▶ _Dataset entries_:
******************************

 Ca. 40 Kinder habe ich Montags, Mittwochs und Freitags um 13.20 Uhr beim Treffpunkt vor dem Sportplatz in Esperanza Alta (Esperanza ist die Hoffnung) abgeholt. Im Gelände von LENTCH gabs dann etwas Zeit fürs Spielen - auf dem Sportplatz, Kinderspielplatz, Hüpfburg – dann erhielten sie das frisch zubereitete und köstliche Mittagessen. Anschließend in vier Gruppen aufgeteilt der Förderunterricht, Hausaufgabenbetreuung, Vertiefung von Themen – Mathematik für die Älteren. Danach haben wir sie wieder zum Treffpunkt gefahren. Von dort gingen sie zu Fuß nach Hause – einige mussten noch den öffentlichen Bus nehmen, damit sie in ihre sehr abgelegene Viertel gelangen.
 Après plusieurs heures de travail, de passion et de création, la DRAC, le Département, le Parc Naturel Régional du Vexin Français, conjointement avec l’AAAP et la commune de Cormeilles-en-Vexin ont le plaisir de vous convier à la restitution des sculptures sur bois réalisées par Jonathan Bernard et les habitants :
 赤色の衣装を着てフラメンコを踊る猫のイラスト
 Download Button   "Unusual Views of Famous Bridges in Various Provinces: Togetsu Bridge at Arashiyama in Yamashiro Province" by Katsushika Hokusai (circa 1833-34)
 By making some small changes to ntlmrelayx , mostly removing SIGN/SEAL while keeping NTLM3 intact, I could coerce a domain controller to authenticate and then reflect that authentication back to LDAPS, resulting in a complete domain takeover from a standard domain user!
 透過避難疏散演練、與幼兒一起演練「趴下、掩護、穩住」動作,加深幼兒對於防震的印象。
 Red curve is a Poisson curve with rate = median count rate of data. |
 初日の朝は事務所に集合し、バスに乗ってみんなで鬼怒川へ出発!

******************************

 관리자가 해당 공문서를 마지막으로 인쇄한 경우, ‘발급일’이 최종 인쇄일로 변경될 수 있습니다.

******************************

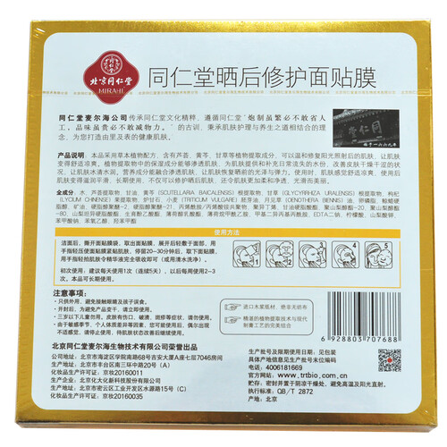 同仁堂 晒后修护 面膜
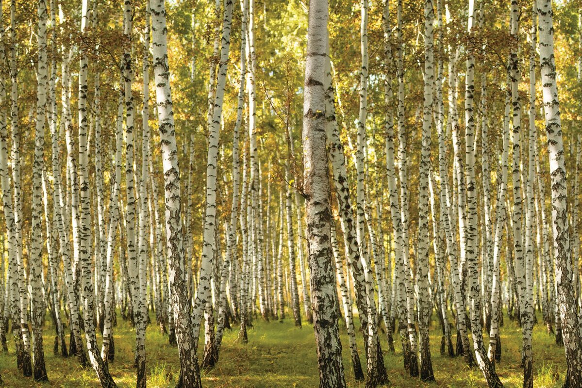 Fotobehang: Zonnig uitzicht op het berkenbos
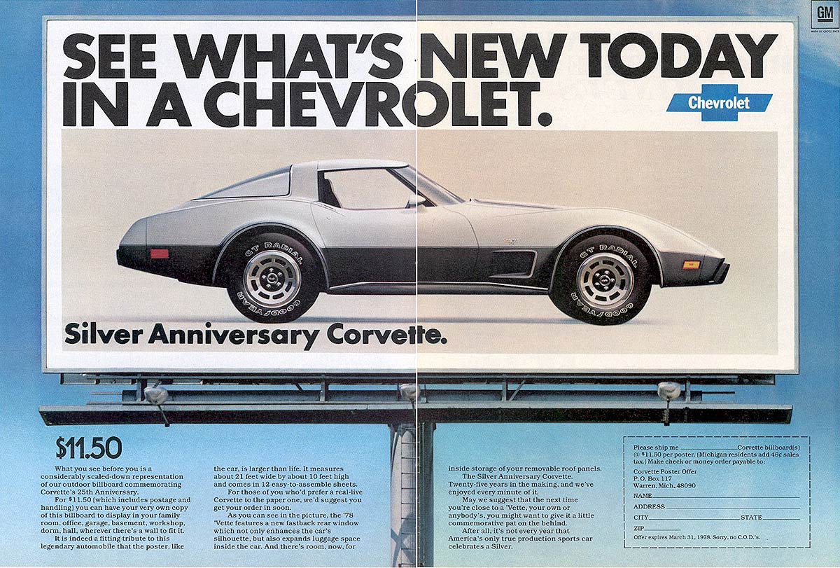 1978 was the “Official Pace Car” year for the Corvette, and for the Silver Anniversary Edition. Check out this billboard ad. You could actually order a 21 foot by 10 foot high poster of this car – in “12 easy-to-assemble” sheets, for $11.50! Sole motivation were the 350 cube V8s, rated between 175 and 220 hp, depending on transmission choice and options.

******************************

Everything in the material above from the line that has "By making some" through the line that has "初日の朝は事務所に集合し、バスに乗ってみんなで鬼怒川へ出発!" must be duplicated exactly, with no other lines given.

▶ _Solution_:
 By making some small changes to ntlmrelayx , mostly removing SIGN/SEAL while keeping NTLM3 intact, I could coerce a domain controller to authenticate and then reflect that authentication back to LDAPS, resulting in a complete domain takeover from a standard domain user!
 透過避難疏散演練、與幼兒一起演練「趴下、掩護、穩住」動作,加深幼兒對於防震的印象。
 Red curve is a Poisson curve with rate = median count rate of data. |
 初日の朝は事務所に集合し、バスに乗ってみんなで鬼怒川へ出発!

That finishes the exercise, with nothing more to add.